>>>>>

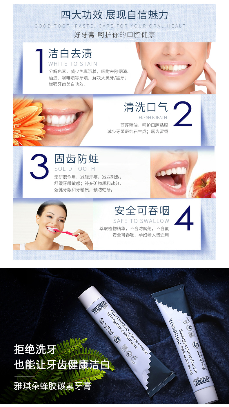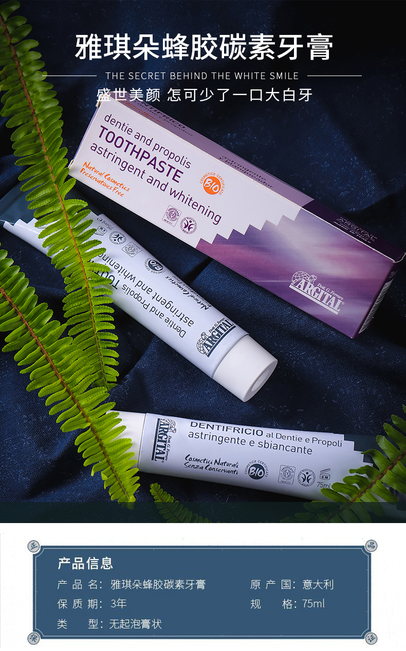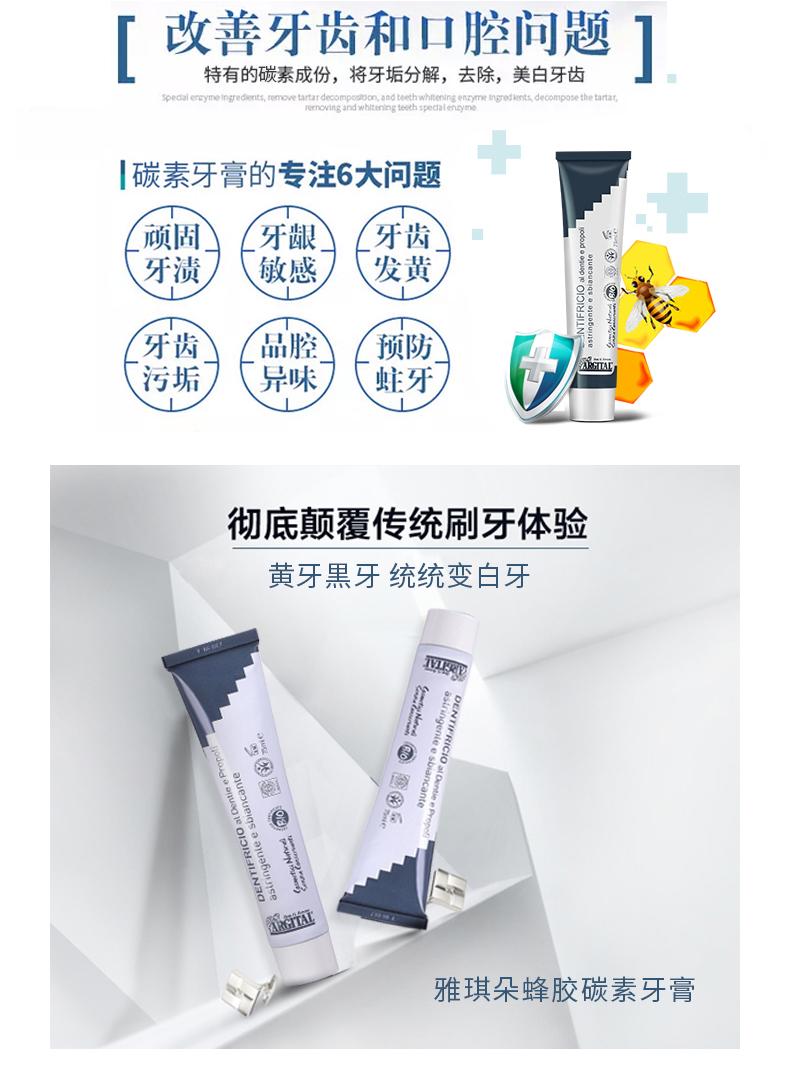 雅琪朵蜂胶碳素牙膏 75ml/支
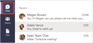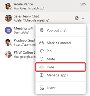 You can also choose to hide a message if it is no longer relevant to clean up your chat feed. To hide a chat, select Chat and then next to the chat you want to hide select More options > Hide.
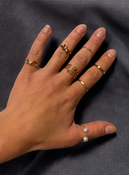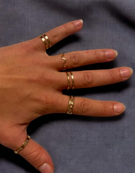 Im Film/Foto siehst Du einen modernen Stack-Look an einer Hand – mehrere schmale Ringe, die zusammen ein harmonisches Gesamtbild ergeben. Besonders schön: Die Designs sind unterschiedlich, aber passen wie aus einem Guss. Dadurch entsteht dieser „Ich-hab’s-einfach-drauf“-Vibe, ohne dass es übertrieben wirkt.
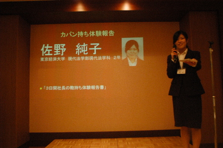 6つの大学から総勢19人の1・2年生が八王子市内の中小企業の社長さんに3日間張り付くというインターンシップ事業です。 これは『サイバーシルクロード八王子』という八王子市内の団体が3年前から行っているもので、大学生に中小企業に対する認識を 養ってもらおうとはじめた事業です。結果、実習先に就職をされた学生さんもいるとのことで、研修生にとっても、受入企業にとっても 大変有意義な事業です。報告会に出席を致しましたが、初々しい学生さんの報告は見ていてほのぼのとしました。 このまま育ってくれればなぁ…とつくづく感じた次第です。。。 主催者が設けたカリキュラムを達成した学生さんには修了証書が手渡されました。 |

<<<<<

- _Task to carry out_: The material above is to be output exactly, with each picture left out.

- _Your solution_:
 雅琪朵蜂胶碳素牙膏 75ml/支
 You can also choose to hide a message if it is no longer relevant to clean up your chat feed. To hide a chat, select Chat and then next to the chat you want to hide select More options > Hide.
 Im Film/Foto siehst Du einen modernen Stack-Look an einer Hand – mehrere schmale Ringe, die zusammen ein harmonisches Gesamtbild ergeben. Besonders schön: Die Designs sind unterschiedlich, aber passen wie aus einem Guss. Dadurch entsteht dieser „Ich-hab’s-einfach-drauf“-Vibe, ohne dass es übertrieben wirkt.
 6つの大学から総勢19人の1・2年生が八王子市内の中小企業の社長さんに3日間張り付くというインターンシップ事業です。 これは『サイバーシルクロード八王子』という八王子市内の団体が3年前から行っているもので、大学生に中小企業に対する認識を 養ってもらおうとはじめた事業です。結果、実習先に就職をされた学生さんもいるとのことで、研修生にとっても、受入企業にとっても 大変有意義な事業です。報告会に出席を致しましたが、初々しい学生さんの報告は見ていてほのぼのとしました。 このまま育ってくれればなぁ…とつくづく感じた次第です。。。 主催者が設けたカリキュラムを達成した学生さんには修了証書が手渡されました。 |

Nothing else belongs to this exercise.